Second conference of the 2017 PVL season

The women's division of the 2017 Premier Volleyball League Open Conference was the second conference of the Premier Volleyball League and the 2017 season. The conference started on July 1, 2017 at the Filoil Flying V Centre, San Juan. The tournament will have two guest teams from the collegiate level: Adamson Lady Falcons and UP Fighting Lady Maroons.

==Participating teams==

Premier Volleyball League 1st Season Open Conference (Women's Division)
| Abbr. | Team | Company | Head coach | Team captain |
| ADU | Adamson–Akari Lady Falcons | Adamson University / Akari Lighting & Technology Corporation (sponsor) | USA Airess Padda | Jema Galanza |
| BLP | BaliPure Purest Water Defenders | Balibago Waterworks System, Inc. | PHI Roger Gorayeb | Jasmine Nabor |
| CCS | Creamline Cool Smashers | Republic Biscuit Corporation | THA Tai Bundit | Alyssa Valdez |
| PAF | Hair Fairy Air Force Jet Spikers | Philippine Air Force / Hair Fairy Dry Shampoo (sponsor) | PHI Jasper Jimenez | Joy Cases |
| PER | BanKo Perlas Spikers | Beach Volleyball Republic / BPI Direct BanKo, Inc. (sponsor) | THA Matinai Muhammad | Sue Roces |
| POC | Pocari Sweat Lady Warriors | Federated Distributors, Inc. | PHI Rico de Guzman | Gyzelle Sy |
| PSM | Power Smashers | Bristol | PHI Ernesto Pamilar | Jovie Prado |
| UP | UP Fighting Lady Maroons | University of the Philippines | PHI Jerry Yee | Tots Carlos |

==Format==
- Preliminary round
The eights teams compete in a single round-robin tournament, with each team playing one match against all other teams for a total of seven matches. The top four teams will advance to the semifinals while the bottom four will be eliminated and ranked 5th through 8th in the final standings.

- Semifinals
The top four teams from prelims compete in the semifinals. Teams compete in best-of-three series with the winners advancing to the finals while the losers will compete in the third place series. The match-ups for the semifinals are as follows:
- SF1: PR #1 vs. PR #4
- SF2: PR #2 vs. PR #3

- Third place series
The losing teams from the semifinals compete in a best-of-three series to determine which team will finish third in this conference.

- Finals
The winning teams from the semifinals compete in a best-of-three series to determine the conference champions. The losing team in this round will be declared conference runners-up.

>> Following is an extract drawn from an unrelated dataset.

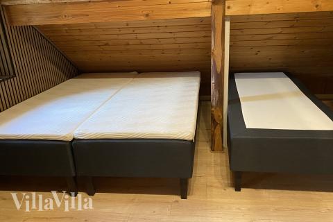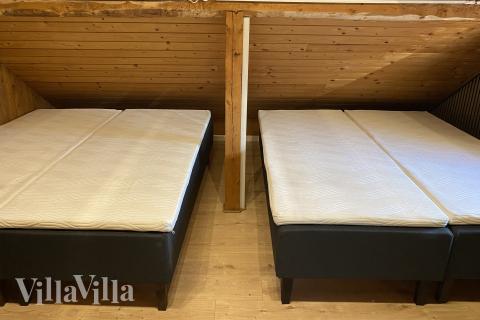 Das 360 m² große Ferienhaus bietet Platz für bis zu 26 Personen in sieben Schlafzimmern. Vom Wohnzimmer aus hat man Zugang zu zwei Schlafzimmern, eines mit zwei Doppelbetten, das andere mit einem Doppelbett. Über einen Zwischengang erreicht man drei weitere Schlafzimmer, eines davon ist ein Durchgangszimmer mit einem Doppelbett sowie zwei Einzelbetten. Es führt in ein weiteres Schlafzimmer mit einem Etagenbett und zwei Doppelbetten. Alle Betten lassen sich trennen; das Platzangebot ist jedoch begrenzt. Von hier aus gelangt man in ein großes Badezimmer mit Badewanne und Wickeltisch.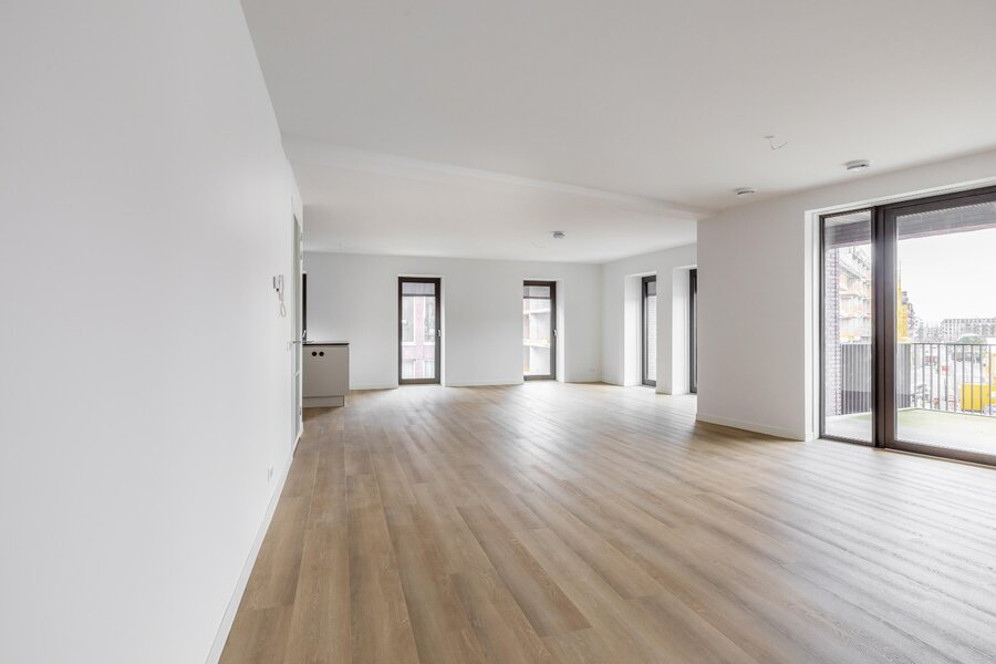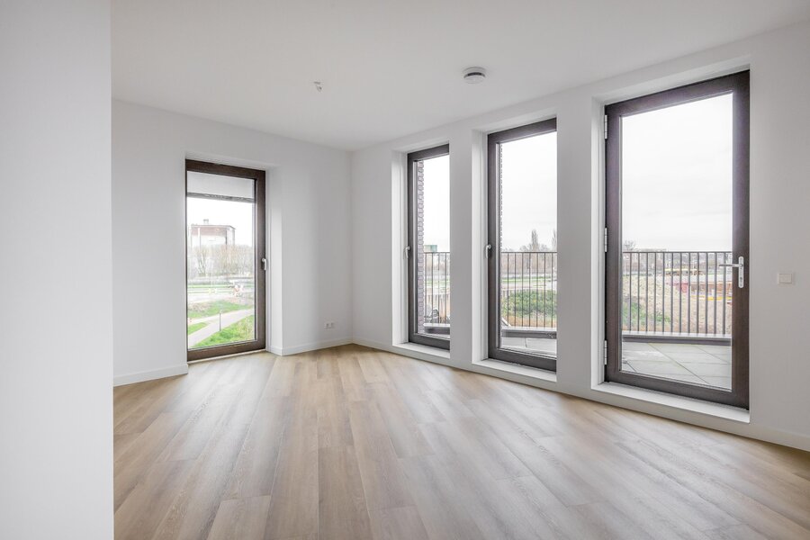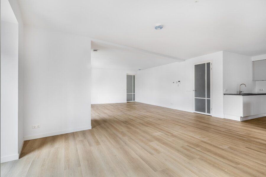 De royale woonkamer is licht en ruim opgezet en biedt dankzij de grote raampartijen en schuifpui een prachtig uitzicht over de omgeving. Vanuit de woonkamer heb je direct toegang tot het ruime balkon, waar je heerlijk buiten kunt zitten.

==Pool standing procedure==
Teams are initially ranked by wins followed by match points. A win awards three points if the match lasted for three or four sets (3–0 or 3–1), or two points if the match lasted for five sets (3–2). A loss only awards one point if the match lasted for five sets (2–3).

If multiple teams tie for wins and match points, the next criteria are set ratio (the number of sets won divided by number of sets lost across all matches) and point ratio (the number of points won divided by number of points lost across all matches). If any teams are still tied, the procedure will be applied again, but only considering matches between the remaining tied teams.

==Preliminary round==

- All times are in Philippine Standard Time (UTC+08:00)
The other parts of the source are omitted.